The drought has reduced agricultural output by about 20 percent compared to the average annual yield, and by 30 percent compared to the previous, record year.

That is why the lost value exceeds a billion dollars, says Milan Prostran, an agriculture expert.

He told the Beta agency that this damage from this year’s hot weather should be compared to years that had the average yield, “because it is more correct than making a comparison to a record year, like the previous one.”

“The average annual agriculture production value in Serbia ranges from five to six billion dollars,” Prostran said.

He added that by the end of the season, the situation could improve – but could also worsen – and that the rain, which fell on Saturday in much of the country, has helped the plants recover a little.

“High temperatures have mostly destroyed corn, that makes up 20-25 percent of the total agricultural production, and it is grown on 1.1 million hectares,” Prostran said.

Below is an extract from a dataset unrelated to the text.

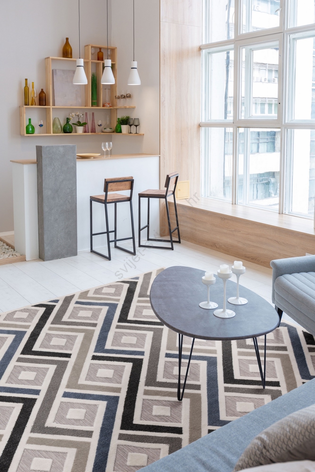 • Stilski i elegantni tepih s geometrijskim uzorcima.
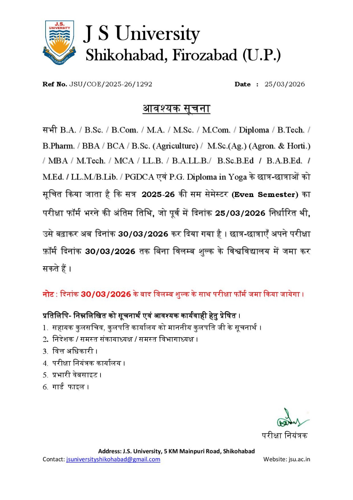 | 14 | Regarding extension of exam form date of even semester exam 2025-26 | View |

He stressed that “due to climate change and the inability of the state to finance irrigation on larger areas,” a solution for sustainable agriculture should be sought in autumn sowing on a twice larger area than the average so far – from 500,000 to 600,000 hectares.

“Within two weeks, the deadline for autumn sowing begins, so everything that can withstand low winter temperatures – wheat, oats, barley, rye and rapeseed – should be planted,” Prostran said.

This expert added that the spring sowing should begin “a month early to avoid high temperatures and drought.”